Along a similar vein, his competitor, friend and collaborator, Béla Kletzki (Géza Röhrig), a former world champion who survived Auschwitz concentration camp and is just interested in making money. He tells a story reminiscent of one of Samson’s tales but is also inherently and unexpectedly erotic and precedes a sex scene with Kay. Marty is a journey to learn how to live in a sustainable way, not just for himself, but for the future survival of their people. He rejects any responsibility to the future endurance of their people though he gradually increases that devotion to caring for others as “Marty Supreme” unfolds whether to Rachel or his best friend and collaborator, Wally (Tyler Okonma better known as Tyler the Creator).
The ensemble cast of “Marty Supreme” is an embarrassment of riches.
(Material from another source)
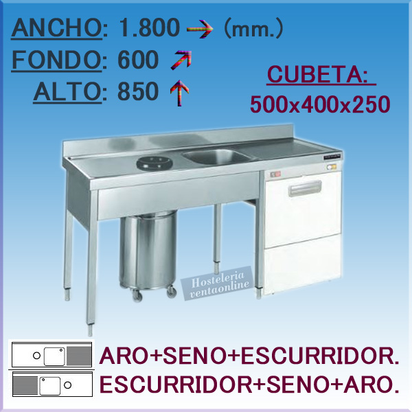 FREGADERO PARA LAVAVAJILLAS CON CUBETA Y ARO DE DESBARAZADO

There are no small parts. I almost screamed with delight when Isaac Mizrahi appeared. If you are not following his TikTok channel or missed “Unzipped” (1995), fix your life now. O’Leary is a natural though it is not a stretch to play. Fran Drescher de-glammed to play Marty’s mom. Abel Ferrera is like a shark. Emory Cohen, who recently appeared in “Roofman” (2025), crafts a performance that gives one impression of a brutish Neanderthal but actually delivers a counterintuitive portrait of a long-suffering man. Though set in the fifties, the synthesizer soundtrack from composer Daniel Lopatin is in harmony with the perfect Eighties needle drops though there are some Fifties hits at the high points of the film.
Reminiscent of Francis Ford Coppola’s “The Godfather Part II” (1974), “Marty Supreme” is an epic that is more intimate and controlled than “One Battle After Another” (2025) and shares the same objective of transforming a man with little sense of responsibility into someone willing to invest in and protect the future in concrete ways instead of living for himself.